There are some similarities and lots of big differences between this health care fight and the last one. So far, Obama has shown that he has learned the lessons of the last fight well - he made it a top priority, he said he wanted to get it done in the first year, he put a down payment on reform into his budget. All of those are good strategic moves that Bill Clinton did not do. But the biggest difference by far is that Obama and the Democrats agreed to have the option to put health care reform into the reconciliation package, meaning we would only need 50 votes instead of 60.

So here's the point I made to CNN: Obama is doing a great job of including the insurance companies and their stalwart Republican defenders in the discussions, welcoming their ideas, etc.
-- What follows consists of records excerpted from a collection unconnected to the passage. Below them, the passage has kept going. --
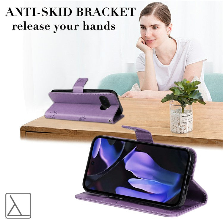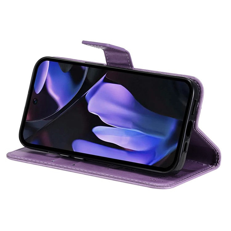 For Google Pixel 9a Case Cat Tree Pattern Flip Leather Phone Cover - Light Purple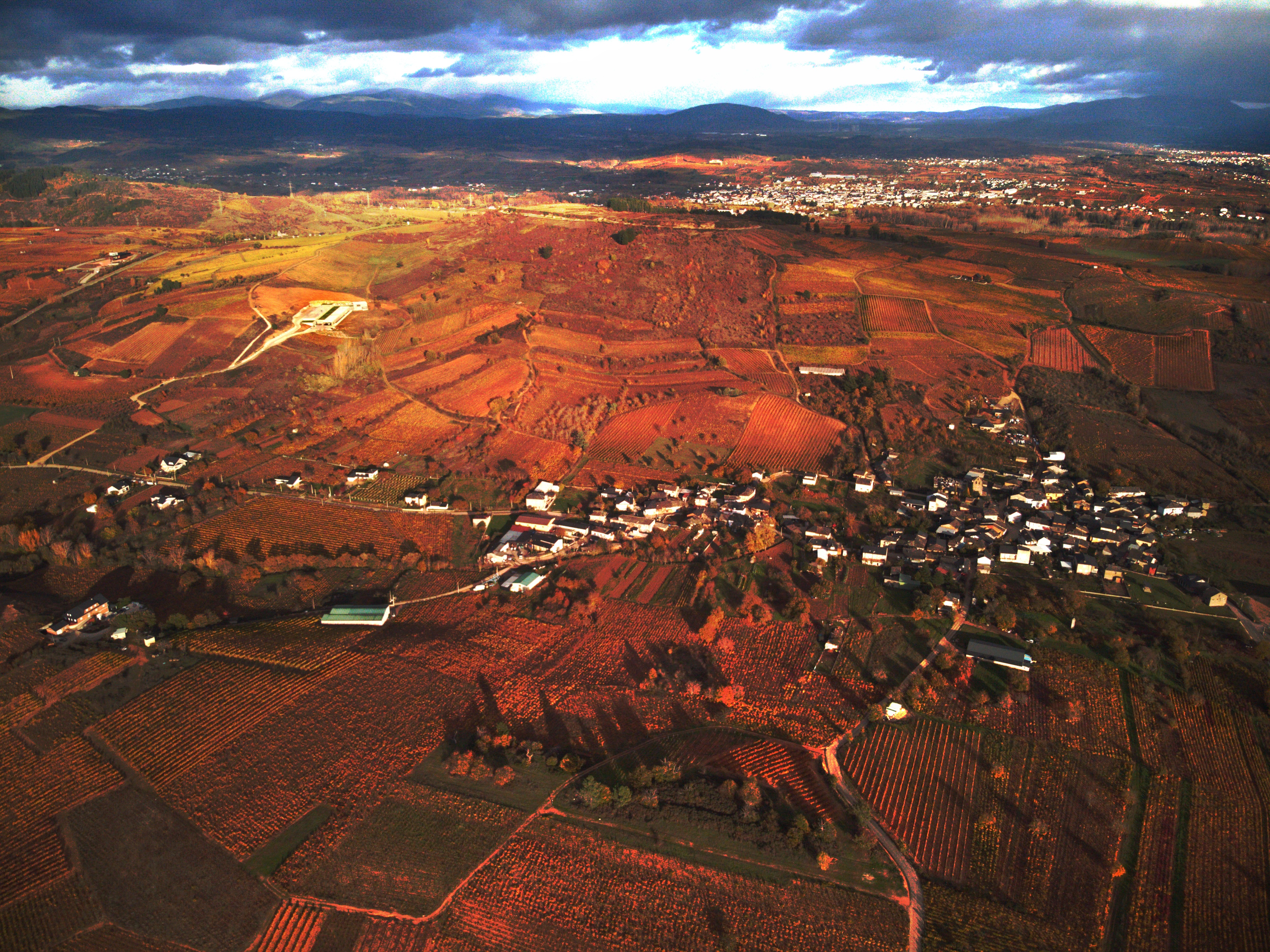 Cacabelos, al fondo a la izquierda, detrás de Castro Ventosa, y Valtuille de Abajo en primer plano .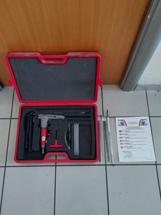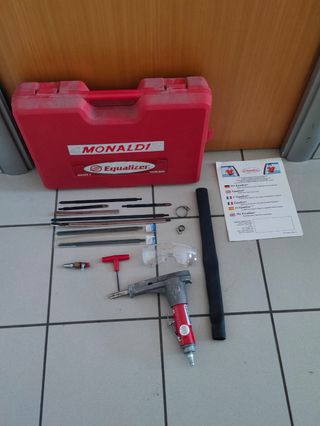 Vendo Equalizer modello AEB405 E dispositivo per staccare i vetri dell’automobile dall’interno. Strumentazione da carrozzeria. Questo strumento brevettato viene utilizzato per tagliare le guarnizioni delle finestre incollate dall'interno del veicolo. rogettato per tagliare l'uretano che trattiene il vetro nei veicoli. La lama si muove all'interno di una guaina metallica che protegge il cruscotto, le modanature di guarnizione e il rivestimento del padiglione. Comprende 4 lame, 1 guaina, 1 chiave esagonale, 1 paio di occhiali da sicurezza, custodia per il trasporto e istruzioni originali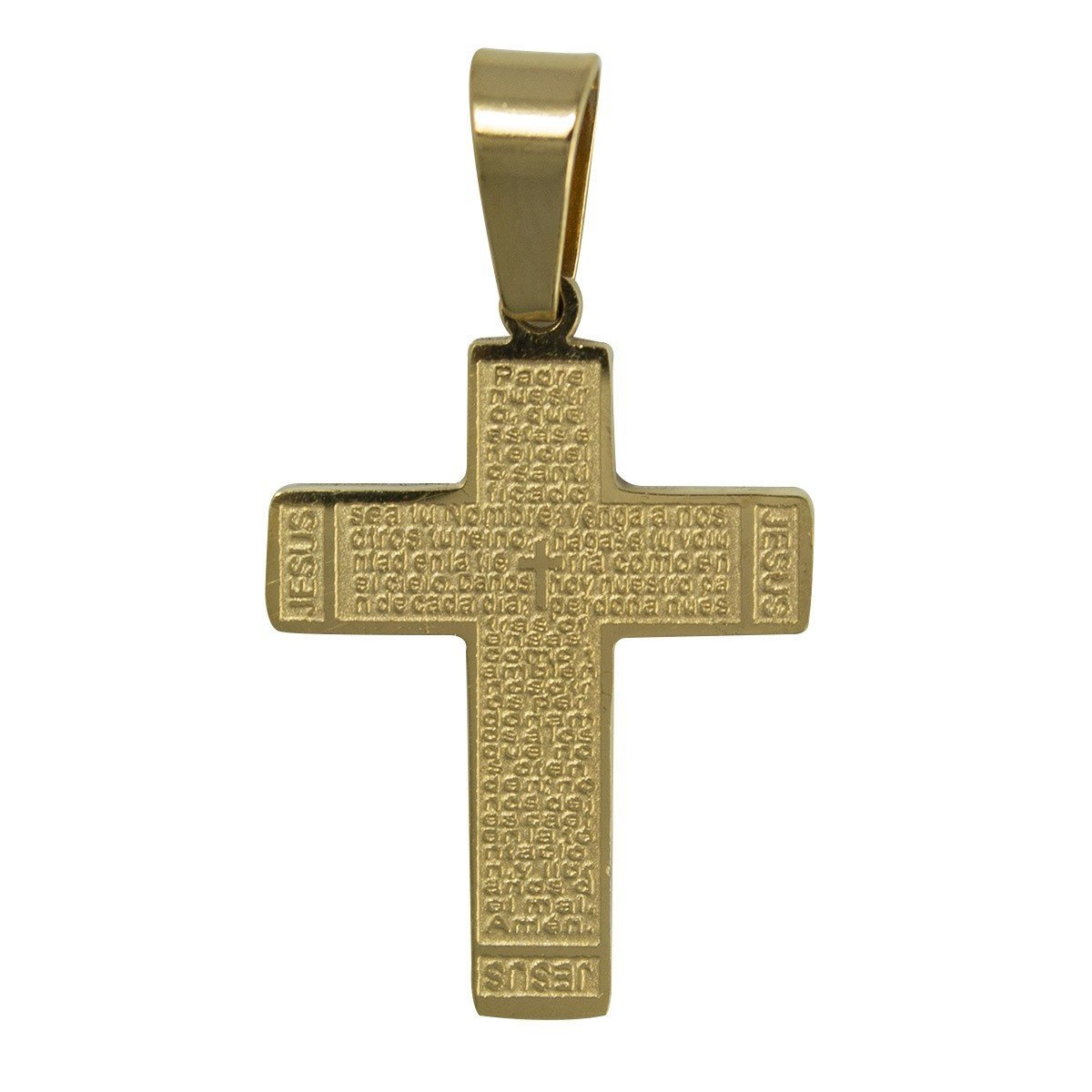 Stainless Steel Gold PVD Padre Nuestro Prayer Cross Pendant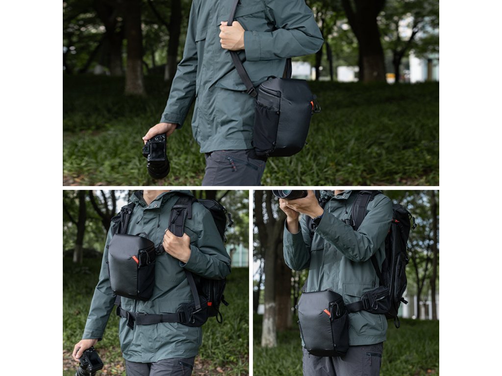 Pohodlné nosenie – odnímateľný ramenný popruh, možnosť uchytenia na batoh alebo bedrový pás.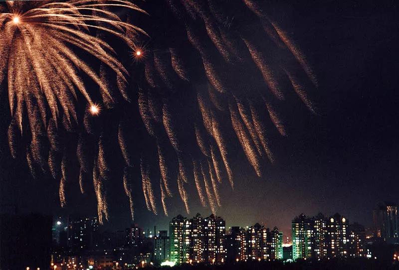 建議大家可以選擇在高處進(jìn)行拍攝,因?yàn)榭梢员苊庖恍┎槐匾那熬?,同時(shí)也可以將城市的景色納入畫面中。另外,拍攝地點(diǎn)盡量選擇在煙花燃放的側(cè)方或者是風(fēng)的前方,如果站在下風(fēng)口,燃放煙花的灰塵和煙霧會(huì)讓你受不了。

But this bill does not need to be bipartisan, and if the Republicans want to insist that the insurance industry gets what they want, we can do this without them. We will need 83% of the Democrats in the Senate, and 85% in the House, and an effective popular President can get that done.

And to those who worship at the alter of bipartisanship, who say we need a bipartisan bill for something to be "sustainable," I would suggest you check your history books: many of the greatest reforms in our nation's history - including ending slavery and most of the great New Deal reforms - came without much or any bipartisanship. So, look, if you Republicans want to stop carrying water for an insurance industry desperate to avoid legitimate competition from a public plan, you are welcome to the table, come on aboard. But if not - as I said to CNN - we will just roll you and muscle this one home.